Pent-up demand has been building. “There are a lot of baby boomers who are saying, ‘If not now, when? I better get out there and buy that boat or upgrade to that boat if I am ever going to do it,’ ” Zimbalist says. “Look for those signs out on the docks this year.”

One of the first indications for Active Interest Media, which owns Show Management and several marine magazines, including Soundings Trade Only, came at the 2010 Palm Beach show, Zimbalist says. “The number of exhibitors was up from 2008 and 2009, and that was the first show in several years that we could actually say that,” he says. “The growth hasn’t been dramatic or double-digit, but it has been good, steady growth in terms of attendance and exhibitor participation.”

AIM held the media briefing and the event marked the formal introduction of the company’s Marine Group of publications, events and websites. “Over the past eight months we have been able to bring together eight of the leading marine media brands and organizations, which include Show Management, Yachts International, BoatQuest, PassageMaker and their Trawler Fest, Soundings and Soundings Trade Only, and more recently Power & Motoryacht and Sail magazines,” says Andrew Clurman, AIM’s president and chief operating officer.

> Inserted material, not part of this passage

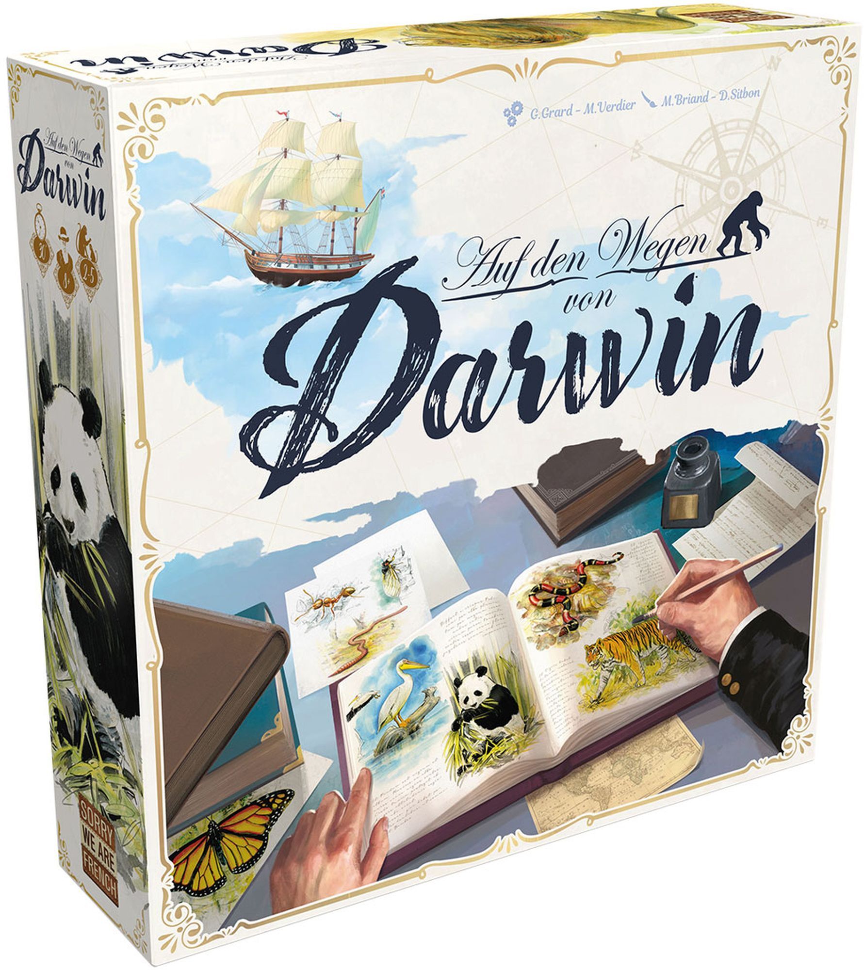 Auf den Wegen von Darwin Im kurzweiligen Set-Collection-Spiel Auf den Wegen von Darwin spielt ihr Nachwuchs-Forschende, die frisch an Bord der Beagle gegangen sind, um Charles Darwin bei der Vollendung seines Buchs ''Über die Entstehung der Arten'' zu unterstü...

Combined, that group reaches almost 6 million monthly readers and has almost 28 million Web page views a year, and the six boat shows that Show Management produces attract more than 350,000 people, Clurman says. “So each of these brands and combined teams of over 100 show and media pros are all dedicated to one central mission: giving boat owners and buyers the information they need to pursue their passions with confidence,” he says. “And this is an industry where there is a lot to learn.”

The marine group will focus on communicating with boaters and the industry through advancing technologies, especially social media, mobile media and iPad or tablet media, Clurman says. Two billion people worldwide now use the Internet, one in five people worldwide logged on to a social network in the past month, and 11 percent of the U.S. population is using an iPad or tablet device. “The technologies are really changing how people collect and trade information and talk to each other, whether it’s on handheld devices, desktop or tablet devices,” Clurman says. “This is really creating a permanent change in how people communicate, which has a big impact on this industry, where there is so much information to learn and so much information people are always gathering when looking to buy a boat.”

Clurman cites this example: “In the last 24 hours 75,250 people used the Internet to search the term ‘new boat for sale,’ ” he says. “That equals about 2 million people in the last 30 days. Obviously we sell a fraction of that in any given month, but that tells you there is a huge pipeline of people out there looking for information about boats.”